Walk into any pub in Shepherd's Bush on Wednesday and, when Tony Cascarino misses his first sitter of the evening, for every shout of "Jayzus, what a gobshite," you'll hear two of "wha' a tossah". Try telling any of the blokes with London accents that they're not Irish in spite of the green jerseys and you'll get pretty short shrift. Try telling them that the British-born children of Irish immigrants shouldn't be playing for Ireland and you'll get the same reaction.

It is true that Ireland uses parental qualification rules for players more than most (or even all) other countries. Ireland has been haemorrhaging people for 150 years and of all the people theoretically qualified to play for Ireland only a fraction is Irish by birth. I don't see why Alan Kelly, for example, should not play for Ireland just because his dad, also an Irish international, had to move to Preston to get paid for playing football.

Anyway, think of all the players we could have picked but didn't. Would Argentina have won the World Cup in 1986 if we had not generously overlooked the sweeper Jorge Brown's Irish grandmother? Possibly not, but since FAI officials had famously scoured a Wicklow graveyard at midnight to find the gravestone of Mark Lawrenson's granny so that he could play for us it would have been a bit greedy to go for Jorge merely as a back-up. See how restrained we can be.

It is not even as if we are alone in this. A certain country not a million miles from here went to the 1990 World Cup with Terry Butcher, Tony Dorigo and John Barnes, who were born in Singapore, Australia and Jamaica respectively. Bobby Robson was even reported as trying to persuade the South African- born Roy Wegerle to join up as well. If only he had succeeded then he could have gone to the 1990 World Cup with a team made of players from every continent on Earth except America. Not that I want to point the finger at anyone.

Of course Ireland uses the fact that half the world has an Irish granny to gather as many good players as possible for our team. England uses the fact that it has a wealthy Premier League. I don't see much of a difference.

It is not where you're born but how you feel that gives you your nationality. If Mick McCarthy is English just because he was born here then Cliff Richard is Indian and the Duke of Wellington was Irish. But as the Duke himself said, if you're born in a stable does it make you a horse?
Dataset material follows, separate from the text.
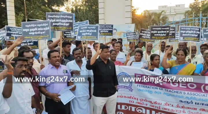 கரூரில் 10-அம்ச கோரிக்கைகளை வலியுறுத்தி போட்டோ-ஜியோ அமைப்பின் சார்பில் கோரிக்கை ஆர்ப்பாட்டம். தமிழ்நாடு அனைத்து அரசு அலுவலர்கள் ஆசிரியர்கள் மற்றும் உள்ளாட்சி பணியாளர்கள் அடங்கிய கூட்டமைப்பு ஆன போட்டோ- ஜியோ சார்பில் 10-அம்ச கோரிக்கைகளை வலியுறுத்தி நேற்று மாலை மாவட்ட ஆட்சியர் அலுவலகம் முன்பு தமிழ்நாடு அரசு ஊழியர் ஒன்றியத்தின் மாவட்டத் தலைவர் பாரதிதாசன், தமிழ்நாடு உயர்நிலை மேல்நிலை பள்ளி பட்டதாரி ஆசிரியர் சங்க மாநில செயலாளர் சந்திரசேகர், தமிழ்நாடு தொடக்கப்பள்ளி ஆசிரியர் கூட்டணியின் மாவட்ட செயலாளர் மணிகண்டன் ஆகியோர் தலைமையில் நடைபெற்ற இந்த கோரிக்கை ஆர்ப்பாட்டத்தில் நூற்றுக்கும் மேற்பட்ட பல்வேறு அரசு ஊழியர் சங்கத்தைச் சேர்ந்த நிர்வாகிகள் ஊழியர்கள் கலந்து கொண்டு தங்களது கோரிக்கையை வலியுறுத்தி ஆர்ப்பாட்டத்தில் ஈடுபட்டனர். அப்போது பங்களிப்பு ஓய்வூதிய திட்டத்தினை ரத்து செய்ய வலியுறுத்தியும், கருணை அடிப்படையில் 5% நியமனம் செய்யக்கூடாது என்பதை ரத்து செய்திட வலியுறுத்தியும், தலைமைச் செயலாகம் முதல் அனைத்து துறைகளிலும் உள்ள பல பிரிவு காலிப் பணியிடங்களை நிரப்பி, பதவி உயர்வு வழங்க வேண்டும் எனவும், அனைத்து அரசு அலுவலர்கள் ஆசிரியர்களுக்கு பழைய நிலையிலேயே உயர் கல்வி ஊக்க ஊதியம் வழங்க வேண்டும் எனவும், மாநில முன்னுரிமை எனக்கூறி வெளியிட்டுள்ள அரசாணை எண் 243 திருத்தம் செய்து மாவட்ட அளவில் முன்னுரிமை வழங்க வேண்டும் என்பது உள்ளிட்ட 10 அம்ச கோரிக்கைகளை வலியுறுத்தி ஆர்ப்பாட்டத்தில் ஈடுபட்டனர்.

As for Wednesday, I'll be back in the pub watching on satellite even though the game is on terrestrial TV for once. Even Charlton Athletic get on telly here more often than Charlton's Ireland and I'm not abandoning the craic in the local for the novelty of watching from the sofa. I know we will be going for all-out attack and a high-scoring win - once we get to the penalty shoot-out that is. But, if it all goes wrong and Aron Winter should score against us at Anfield, I hope I won't be alone in appreciating the irony of it. Winter was born in Surinam.